**Data to examine:**
____________________

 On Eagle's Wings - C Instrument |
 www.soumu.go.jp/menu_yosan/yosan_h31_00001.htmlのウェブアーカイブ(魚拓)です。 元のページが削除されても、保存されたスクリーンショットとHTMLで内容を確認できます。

____________________

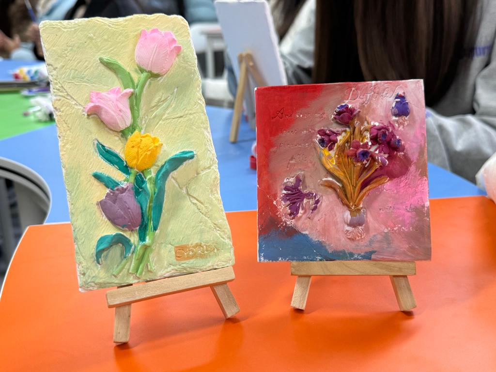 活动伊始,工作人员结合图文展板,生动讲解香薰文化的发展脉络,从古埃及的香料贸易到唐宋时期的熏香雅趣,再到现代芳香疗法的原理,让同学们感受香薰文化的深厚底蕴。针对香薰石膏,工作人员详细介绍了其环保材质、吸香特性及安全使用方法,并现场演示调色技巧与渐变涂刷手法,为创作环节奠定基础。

____________________

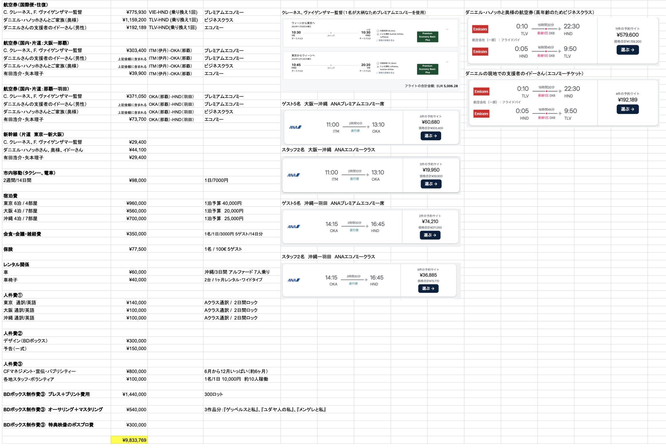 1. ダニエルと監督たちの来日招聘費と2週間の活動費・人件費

____________________

**Instructions for the task:**
For the listing above, print only the lines starting at the line containing "On Eagle's Wings - C Instrument |" and ending at the line containing "www.soumu.go.j", exactly, both included.

**Solution to this problem:**
 On Eagle's Wings - C Instrument |
 www.soumu.go.jp/menu_yosan/yosan_h31_00001.htmlのウェブアーカイブ(魚拓)です。 元のページが削除されても、保存されたスクリーンショットとHTMLで内容を確認できます。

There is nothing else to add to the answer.